Narration: Nathan Kurtz

Transcript:

Kurtz: You know, there’s this big unknown. You’re headed out into this alien landscape that’s just completely hostile to you and you know if you didn’t a nice ship and extremely warm clothes, you probably wouldn’t be able to survive.

[music] MOSAiC as a whole, it’s a yearlong drifting expedition. So it involves people from twenty different nations, about 600 scientists. It’s a huge, massive effort meant to study the Arctic as a system. Not just the ice, but things like the atmosphere, the ocean, biogeochemistry. All kinds of things in a way that allows us to look at what’s happening throughout the course of the year.

[ship horn and orchestra music] So we left Tromsø on September 20th, took us ten days or so between leaving port, sailing out, picking up some instrumentation and then starting to sail into the ice pack and starting to search for the floe.

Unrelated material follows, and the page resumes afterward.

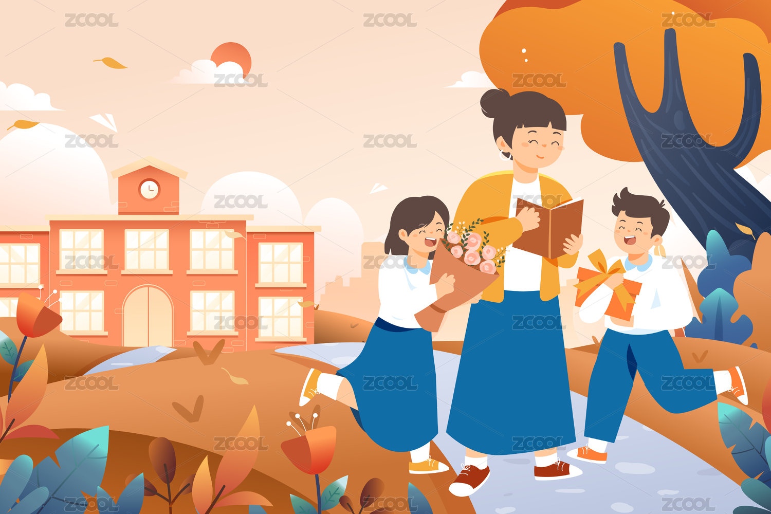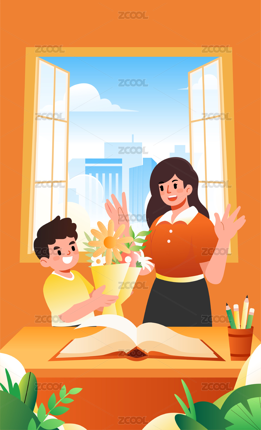 教師節(jié)指導(dǎo)學(xué)生矢量插畫

It was really difficult to find the floe because we needed ice that thick enough to support all our equipment, some of it’s very heavy, and to do this safely. And actually one of the big surprises to me and a lot of people on board was just how thin the ice was. You’d get out on the ice but it’s dangerous It’s an alien landscape, it’s cold, there’s bears. The polar bear situation was really interesting and, yeah, kind of terrifying. When we were out on the ice and we were setting things up, taking measurements, the bears did come back. Two times when I was there. And there they came to our camp and they were doing things like messing with the equipment and going through our site. So there it was different because they’re more on the turf that we had set up. You know, this is our turf now and now they’re coming in. I could see them in places that I had been.

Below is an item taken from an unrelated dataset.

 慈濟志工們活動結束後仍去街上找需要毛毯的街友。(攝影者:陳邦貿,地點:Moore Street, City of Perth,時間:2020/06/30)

[polar bears grunting, music] So we were very isolated on the Polarstern and we had very limited connectivity. We had a email account we could send 50 kilobytes a message. It was a big change for me and a lot of people. A lot of people said, you know after a week or so I didn’t miss it anymore. And I was one of those people. I really appreciated being a bit more isolated for a while and experiencing life in a different way. Doing field work like this brought me right there to the ice. When I do my research I use data like this from the data that’s taken up close on the ice. Sometimes that’s the only way to get information on the ice. Things like how dense is the ice, or how dense is the snow, you can’t do this remotely. But we can use this to do calibration and validation of ICESat-2 over the course of the year. So this is valuable for improving the retrieval techniques we use for ICESat-2. For me, to be on the ground and get that different look at the ice on the surface, it just helps me as a scientist come up with new ideas and to inspire me to use the data that I have, and then think about this in a totally new way and a different way.